04:11Oui, mais c'est pour ça que je vous dis qu'effectivement, c'est une position.
04:17Il y a beaucoup de positions qu'on entend dans ce procès qui ne sont pas nouvelles.
04:21Et moi, je ne fais aucun procès d'intention à un expert en particulier.
04:24Je dis simplement que dans le cadre de ce procès, c'est vraiment à la racine de la volonté de Gisèle Pellicot d'ouvrir ce procès qui, pour elle, est une souffrance.
04:33C'est une souffrance qui est inimaginable de devoir faire face à ces individus que, pour la majeure partie, la quasi-totalité, d'ailleurs, à l'exception de son mari, elle n'avait jamais vu de sa vie.
04:43De voir ces vidéos, d'entendre ces arguments des heures durant dans cette salle d'audience sans, comme on l'a dit, pouvoir répondre à chaque fois.
04:50Elle voulait qu'à travers cela, chacun puisse entendre ses arguments et se faire un avis, y compris un expert, y compris un témoin.
04:57Vous savez, il y a beaucoup de témoins qui sont venus pour dire « moi, je connais cet homme, tel ou tel accusé », alors que nous avons des vidéos qui les représentent en train de commettre un viol,
05:05pour dire « c'est impossible qu'il ait commis un viol parce que c'est un bon ami, un bon père, un bon collègue ».
05:10Et ça aussi, c'est quelque chose que Gisèle Pellicot a souhaité voir déconstruit dans le cadre de ce procès.
05:16Il n'existe pas une forme de viol, il n'existe pas un type de violeur, et dès qu'on s'écarte de la norme, on n'est plus dans le cadre de viol.
05:24Elle a souhaité montrer que le viol peut être partout.

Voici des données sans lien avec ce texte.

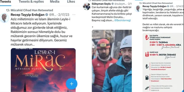 Söz konusu dolandırıcı Mücahid Han, sadece dini değil aynı zamanda siyaseti de kirli emellerine alet ediyor. Kendisini AK Partili göstermeye çalışan Mücahid Han, gerek Başkan Erdoğan'ın gerekse İçişleri Bakanı Süleyman Soylu'nun paylaşımlarını retweetleyip algı operasyonunu başka boyuta taşıyor. Beğeni ve RT'leri gören muhalif isimlerin AK Parti'yi hedefe koymasına neden oluyor.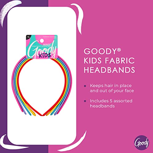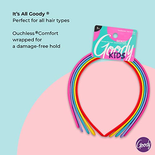 Goody Kids Ouchless Classic Headband , Assorted Colors - For All Hair Types - Beautiful Design for Instant Style - Pain-Free Hair Accessories for Boys, and Girls, 5 Count (Pack of 1)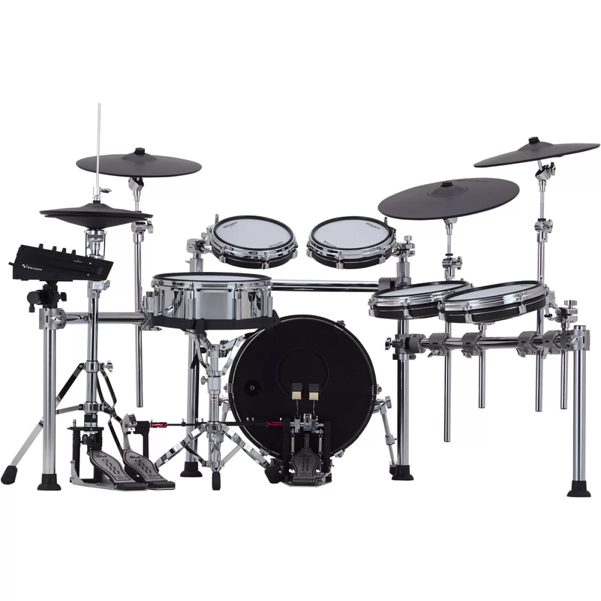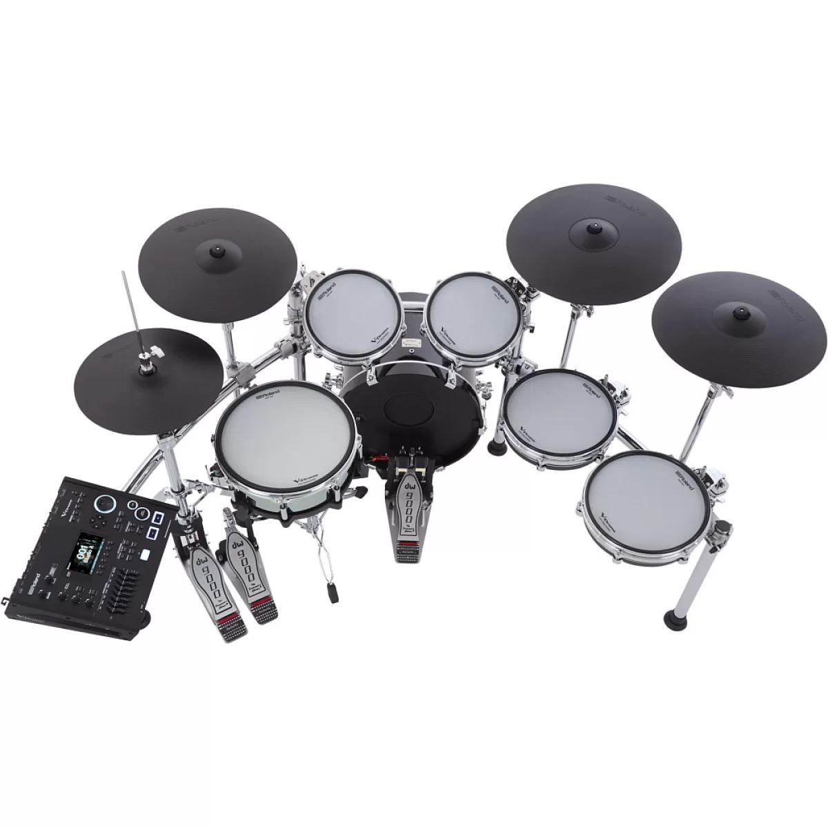 - Флагманский комплект из шести частей с недавно разработанными цифровыми пэдами snare, kick и tom

05:27Oui, Gisèle Pellicot qui disait hier « il n'y a pas viol et viol, ces hommes ont violé, ces hommes violent ».
05:33Vous vous rappelez toute la souffrance qu'endure Gisèle Pellicot durant ce procès, évidemment, toute la difficulté. Est-ce qu'elle vous impressionne, Gisèle Pellicot ?
05:41Elle nous impressionne par sa volonté, mais encore une fois, elle a effectivement cette souffrance,
05:48mais qui est une souffrance partagée par toutes les victimes qui ont à faire face à ce type de procès, qui sont des procès nécessaires, il faut le dire.
05:57Personne ne dit que c'est une souffrance gratuite.
05:59Il y a des peines de prison très lourdes qui sont encourues, on a des peines de 20 années de réclusion criminelle qui sont encourues.
06:05Il est normal que les gens puissent se défendre, d'ailleurs ça ne pourrait être autrement.
06:09Donc c'est une souffrance qui est nécessaire, mais qui doit être aussi prise en compte.
06:12Et je pense que dans le cadre de ce procès, il y a un certain nombre de souffrances qui ont été des souffrances qui étaient inutiles, superflues,
06:19qui ont été imposées à Gisèle Pellicot.
06:21Et il faut aussi le savoir, parce qu'il faut peut-être repenser la manière dont ces procès se tiennent, la manière dont les victimes peuvent être traitées.
06:30Je pense qu'on peut faire valoir tous les arguments nécessaires à une défense dans une cour d'assises, sans nécessairement imposer à la victime ou à la partie civile,
06:38même lorsqu'on conteste les faits, une souffrance qui est inutile.
06:41– Merci beaucoup Maître, merci d'avoir pris ces minutes pour être avec nous ce matin en direct dans le live BFM.